DATASET SECTION:
• • • • • • •

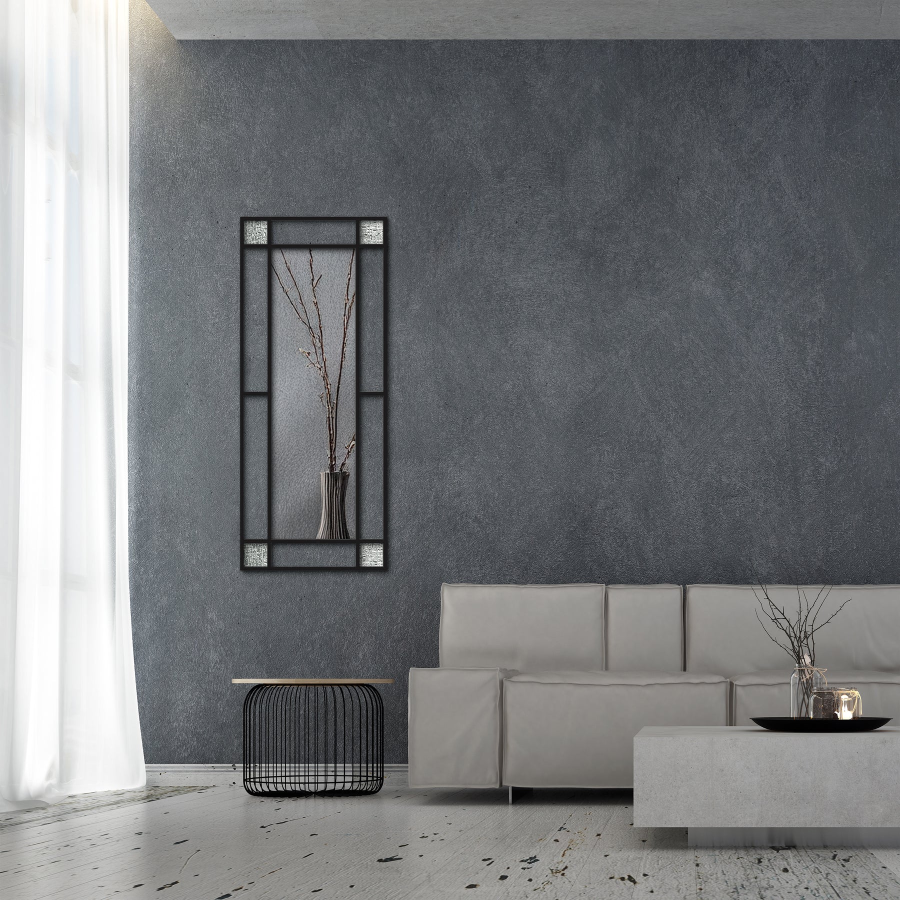 ※ステンドグラス、フュージングガラスは手作りの為、パーツのサイズや量等が異なります※使用されるスチールは壁にビス留めされる為、下地補強(ベニヤ)が必要です
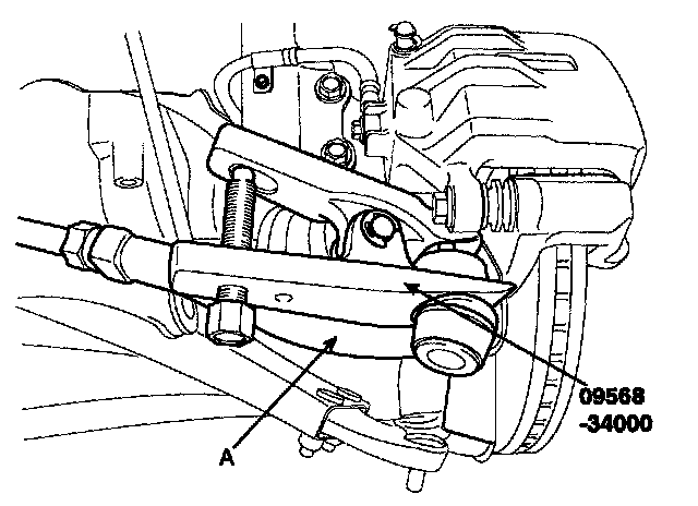 4. Remove the split pin and castle nut and then disconnect the tie rod end (A) from the front knuckle by using a SST (09568-34000).
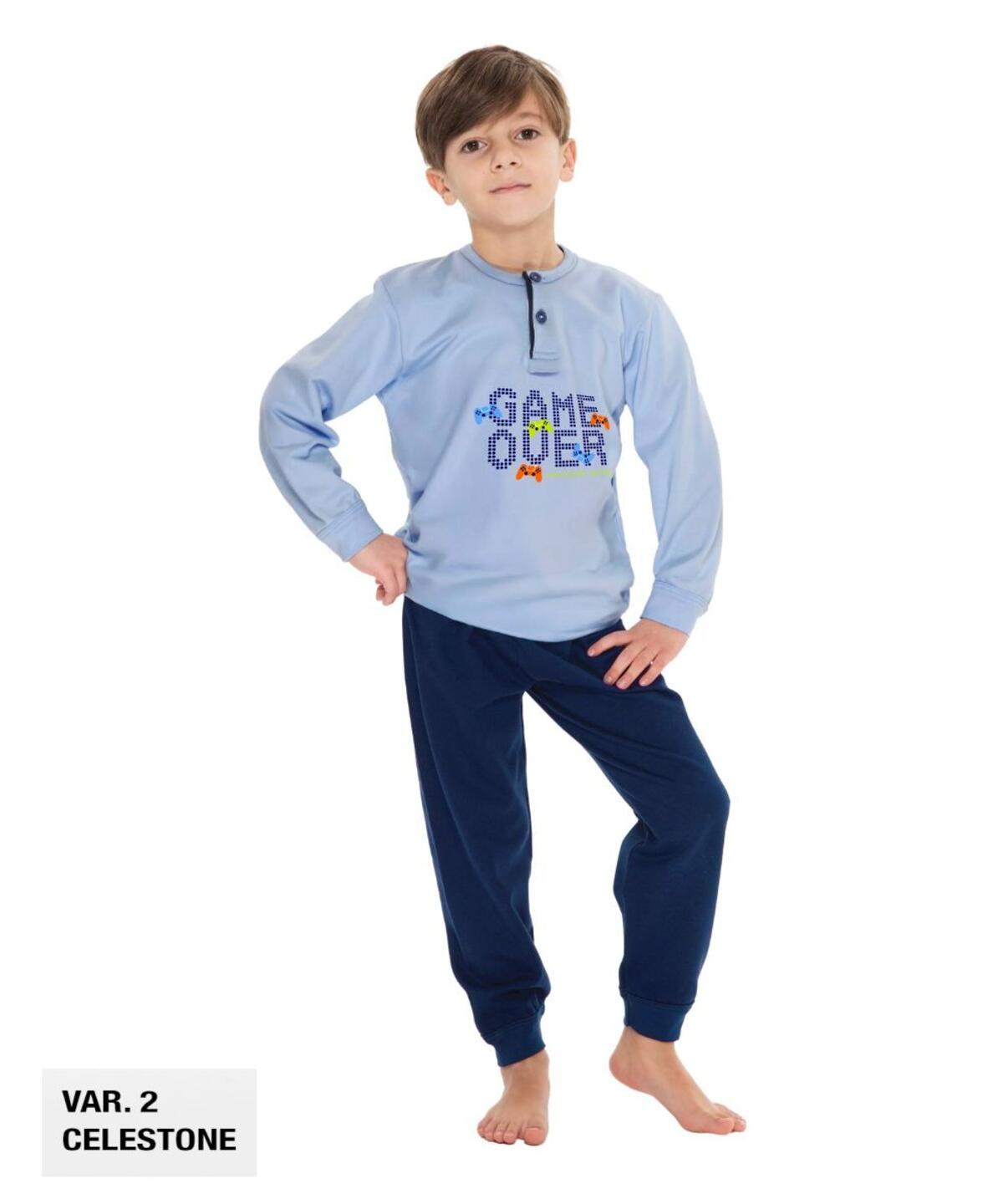Pigiama da bambino a serafino in jersey di CALDO cotone (medio peso) con stampa e pantalone lungo con polsini.

• • • • • • •

WORK TO COMPLETE: Print the complete listing exactly, apart from any pictures.

EXPECTED ANSWER:
 ※ステンドグラス、フュージングガラスは手作りの為、パーツのサイズや量等が異なります※使用されるスチールは壁にビス留めされる為、下地補強(ベニヤ)が必要です
 4. Remove the split pin and castle nut and then disconnect the tie rod end (A) from the front knuckle by using a SST (09568-34000).
Pigiama da bambino a serafino in jersey di CALDO cotone (medio peso) con stampa e pantalone lungo con polsini.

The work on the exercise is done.